PERTH, AUSTRALIA—Science News reports that an analysis of the genomes of more than 1,600 Europeans and western Asians by evolutionary biologist Morten Allentoft of Curtin University and his colleagues suggests that Yamnaya herders originated with hunter-gatherers who lived near western Russia’s Don River some 7,300 years ago. Yamnaya people then migrated from southwest Asia and mixed with populations in Eastern Europe before moving into Northern Europe, where they again produced a hybrid population. Computational biologist William Barrie of the University of Cambridge then compared ancient Eurasian DNA to a database of DNA from more than 400,000 modern British individuals, and determined that a specific gene change now linked to a higher risk for multiple sclerosis, or MS, developed in Yamnaya herders some 5,000 years ago. These gene variants, which perhaps boosted Yamnaya herders’ immune defenses against diseases carried by their livestock, were therefore introduced into northern European populations.

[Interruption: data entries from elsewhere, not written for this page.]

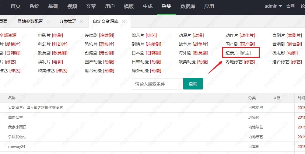 有时候我们在解决苹果cms怎么设置自动采集进行绑定分类的时候 发现有些分类系统是没有的,比如下图的这个纪录片 苹果系统默认是没有这个分类的,如果你不想分这么细的话可以随便绑定到一个分类上 如果不想采集的话可以不绑定,如果我们需要网站上有记录片这个分类的话这就需要我们手动添加分类来进行绑定。下面我的主题网就说下苹果cms怎么添加分类的具体操作步骤。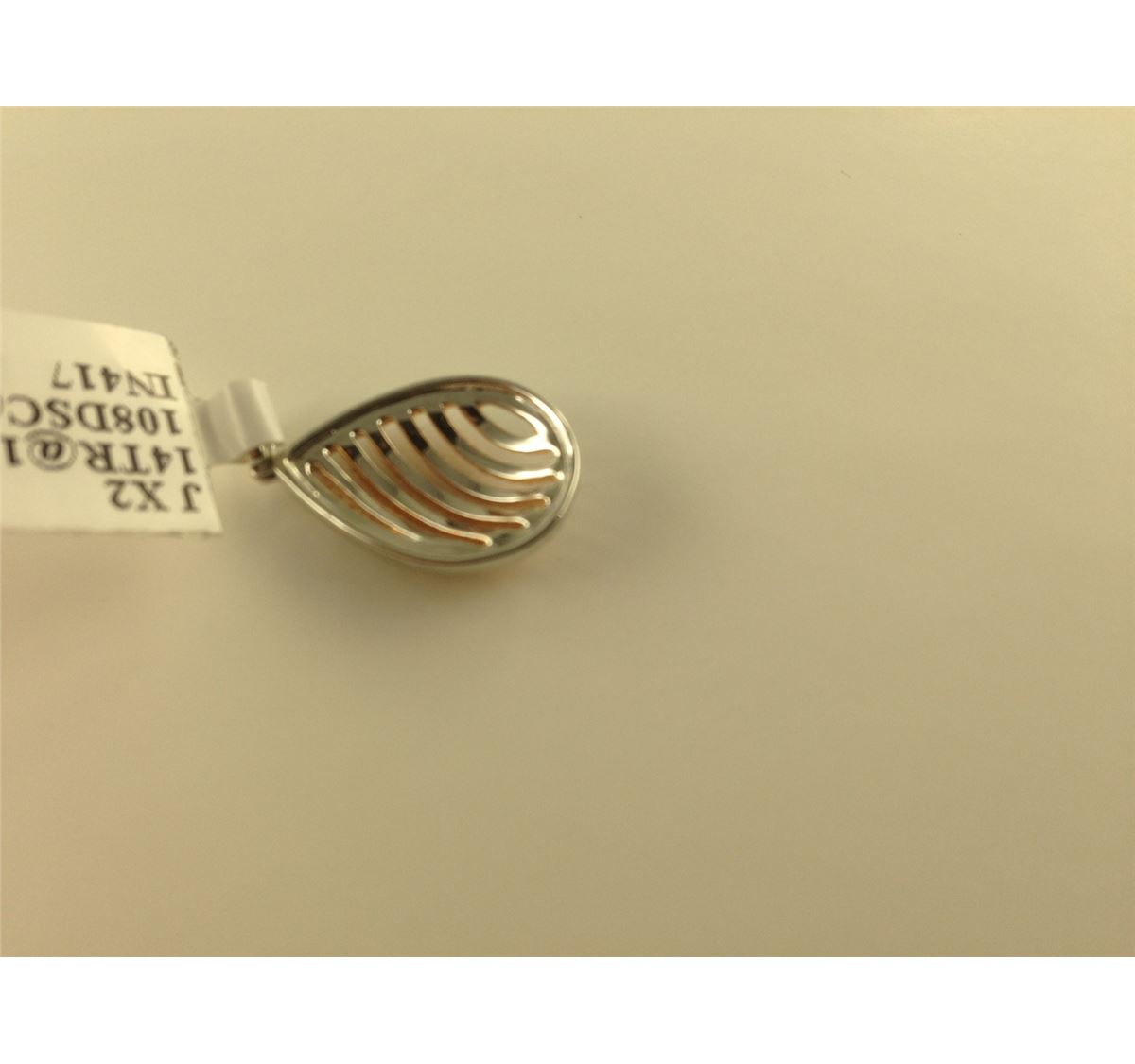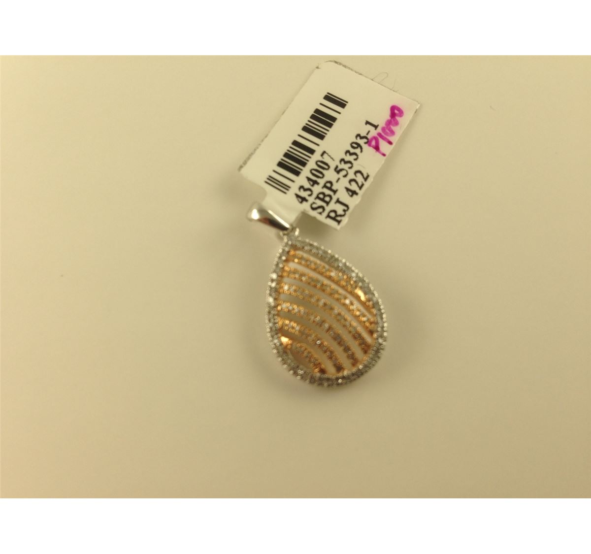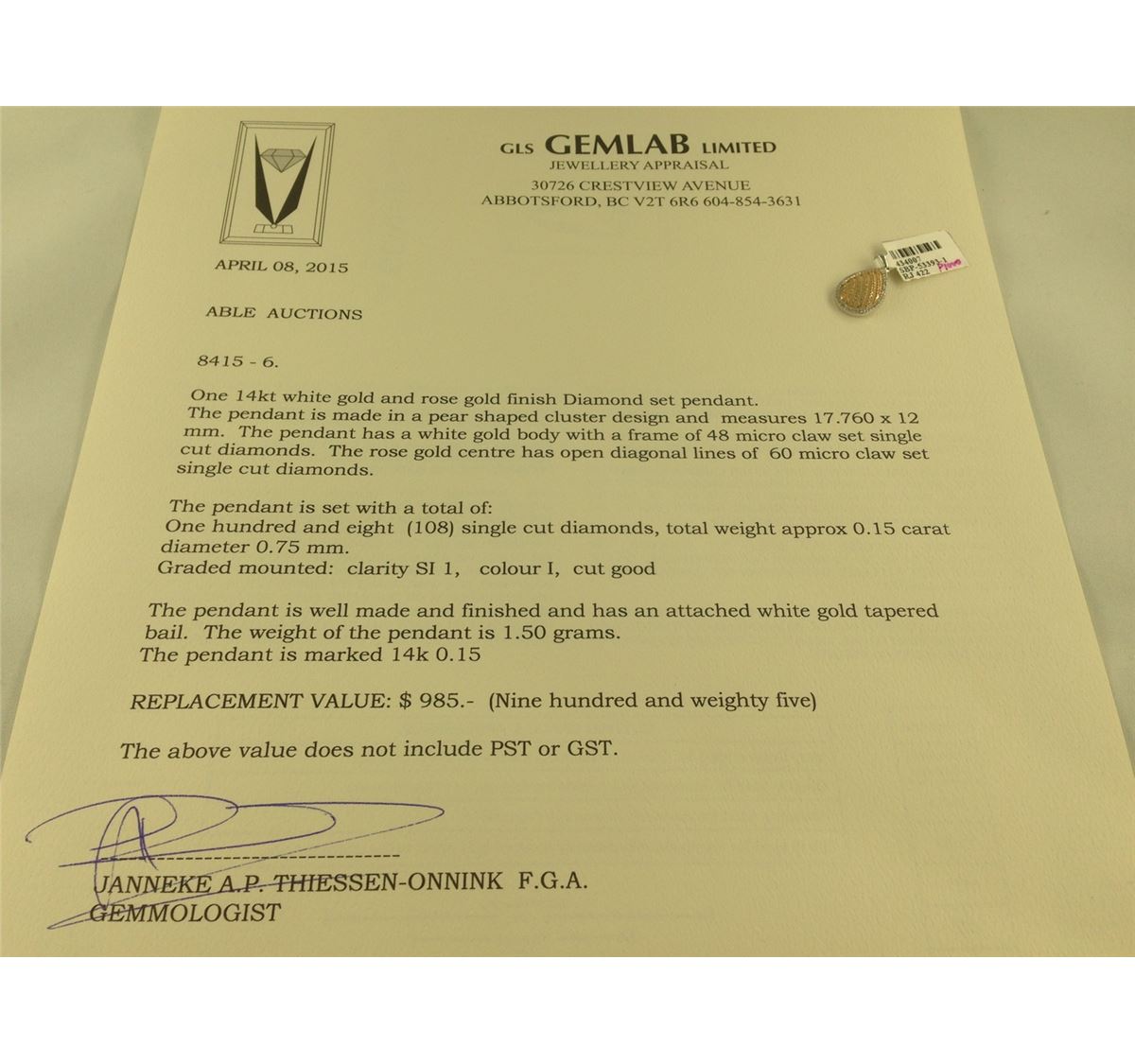 ONE 14KT WHITE GOLD AND ROSE GOLD FINISH DIAMOND SET PENDANT. SET WITH A TOTAL 108 SINGLE CUT DIAMONDS APPROX. 0.15CT, SI-1, I COLOUR WITH REPLACEMENT VALUE $985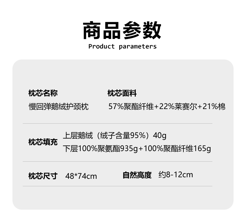 当前位置: 91家纺网 > 商品网购 > 枕头/枕芯/保健枕/颈椎枕 > 枕头枕芯 > (总)乐可 2025新款慢回弹鹅绒护颈枕记忆棉枕头枕芯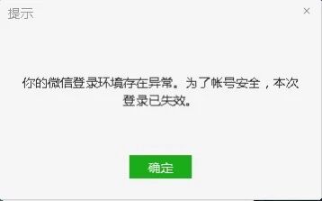 你好,提示“登录环境异常,本次登录失效,请重新登录”的问题,重新扫码登录即可,出现该提示一般是由于微信帐号被其它用户投诉导致(如:涉嫌频繁发送营销类广告骚扰信息等,请遵守微信使用规则,并规范个人行为,谢谢!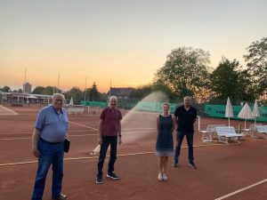 Wir bedanken uns für die Gelegenheit zu einem netten Gespräch und einer kurzen Vorführung der automatischen Bewässerungsanlage des Tennisplatzes, welche mit Hilfe des Förderprogramms “ Moderne Sportstätten 2022″ finanziert werden konnte.
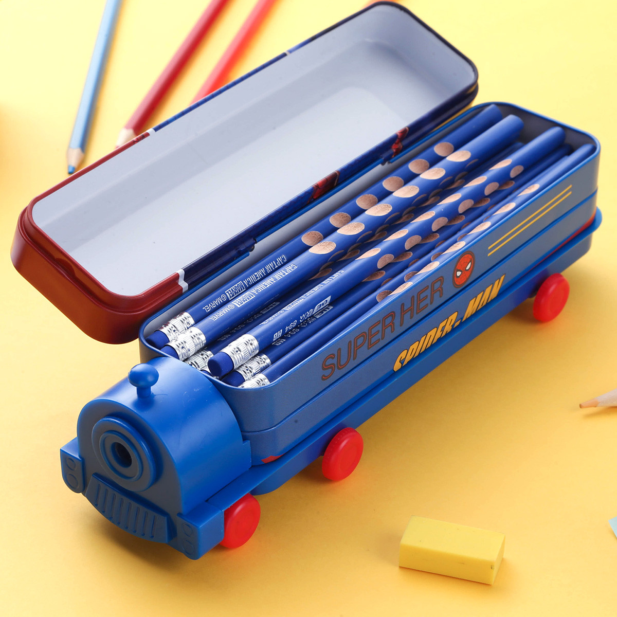 创意文具盒火车头削笔器铁笔盒男女小学生双层大容量笔盒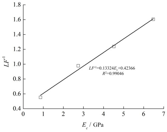 To obtain the LF, tests have been conducted on four cement mortar samples with elastic modulus varying from 0.86 GPa to 6.48 GPa. The test results show that the value of LF decreases as the elastic modulus increases. Figure 12 shows the test results, and it can be found that the value of LF decreases as the elastic modulus increases. Figure 13 shows the linear fitting relationship between LF and the elastic modulus of the cement mortar. According to the elastic modulus listed in Table 2, the values of LF in PDS No. 1 and No. 11 coal mines are 0.591 and 0.777, respectively.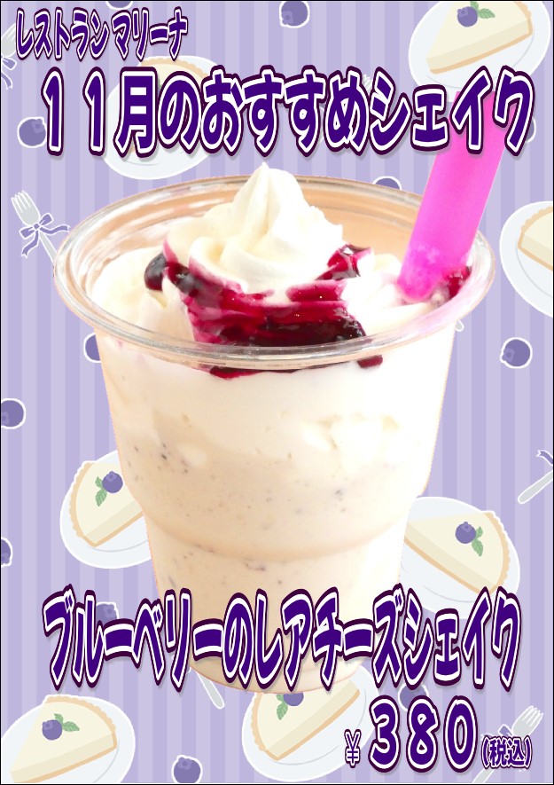 レストランMARINA 11月のおすすめシェイクのおしらせ

How genes, environmental factors, and viruses bring about the disease is not well understood, but today’s northwestern Europeans are diagnosed with MS at about twice the rate of southern Europeans. “This is the first evidence of this [evolutionary process] in an autoimmune disorder,” Barrie explained. Read the original scholarly article about this research in Nature. For more on the Yamnaya, go to "Around the World: Bulgaria."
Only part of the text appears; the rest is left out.